Dataset content
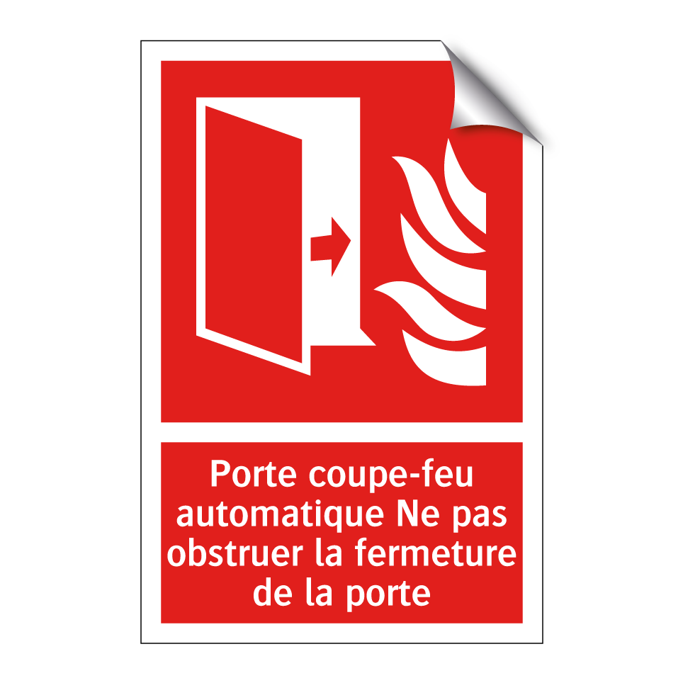 Panneau incendie avec le texte Porte coupe-feu automatique Ne pas obstruer la fermeture de la porte et une symbolique claire
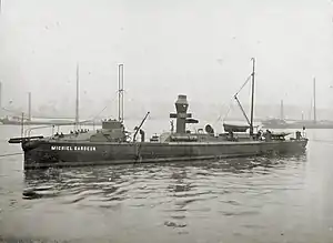 Michiel Gardeyn was commissioned in to the Koninklijke Marine in 1905. She was sunk in 1921 as target ship during an airstrike exercise together with the torpedo boats Draak and Krokodil.[1][2]
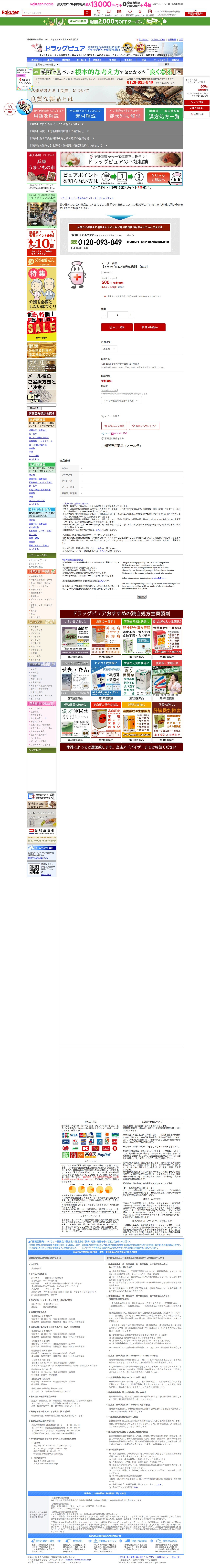 このページは、神戸のドラッグピュア楽天市場店が販売するオーダー商品の商品ページである。価格は600円で送料無料。4月19日15時までの注文で最短4月24日の配送が可能。同店は漢方・免疫専門店として、医薬品、漢方薬、健康食品、ダイエット用品など幅広い商品を取り扱っている。顧客の健康と快適な生活をサポートすることを理念とし、松田誠司代表による相談販売を実施。医薬品販売にあたり安全性確保のため専門相談員による対応を行っている。
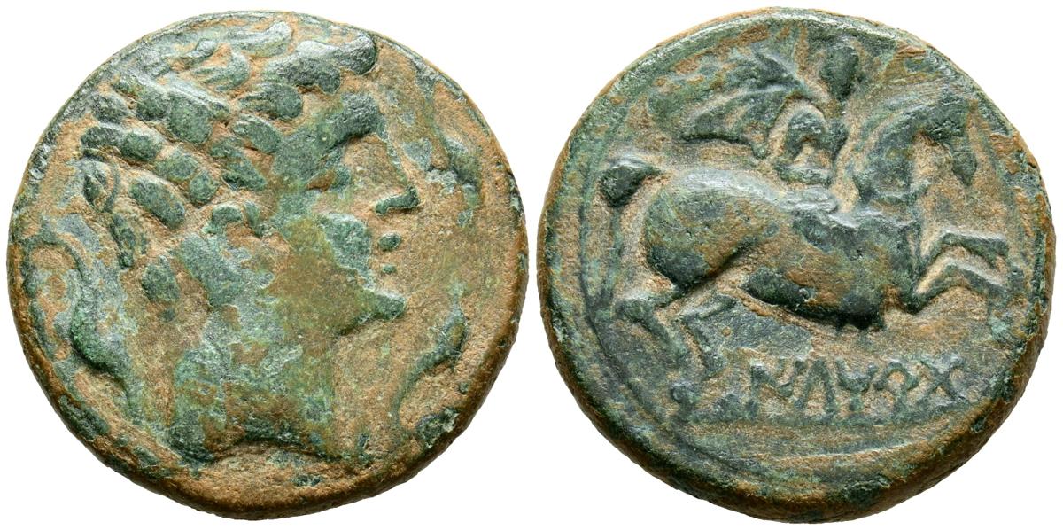 ILTIRTA (Lérida). As. (Ae. 11,94g/27mm). 200-20 a.C. (FAB-1465). Anv: Cabeza masculina a derecha, alrededor tres delfines. Rev: Jinete con palma a derecha, debajo leyenda ibérica: ILTRiRTa. MBC.

Your objective
Without the pictures, write out every line above exactly as it appears.

The answer
 Panneau incendie avec le texte Porte coupe-feu automatique Ne pas obstruer la fermeture de la porte et une symbolique claire
 Michiel Gardeyn was commissioned in to the Koninklijke Marine in 1905. She was sunk in 1921 as target ship during an airstrike exercise together with the torpedo boats Draak and Krokodil.[1][2]
 このページは、神戸のドラッグピュア楽天市場店が販売するオーダー商品の商品ページである。価格は600円で送料無料。4月19日15時までの注文で最短4月24日の配送が可能。同店は漢方・免疫専門店として、医薬品、漢方薬、健康食品、ダイエット用品など幅広い商品を取り扱っている。顧客の健康と快適な生活をサポートすることを理念とし、松田誠司代表による相談販売を実施。医薬品販売にあたり安全性確保のため専門相談員による対応を行っている。
 ILTIRTA (Lérida). As. (Ae. 11,94g/27mm). 200-20 a.C. (FAB-1465). Anv: Cabeza masculina a derecha, alrededor tres delfines. Rev: Jinete con palma a derecha, debajo leyenda ibérica: ILTRiRTa. MBC.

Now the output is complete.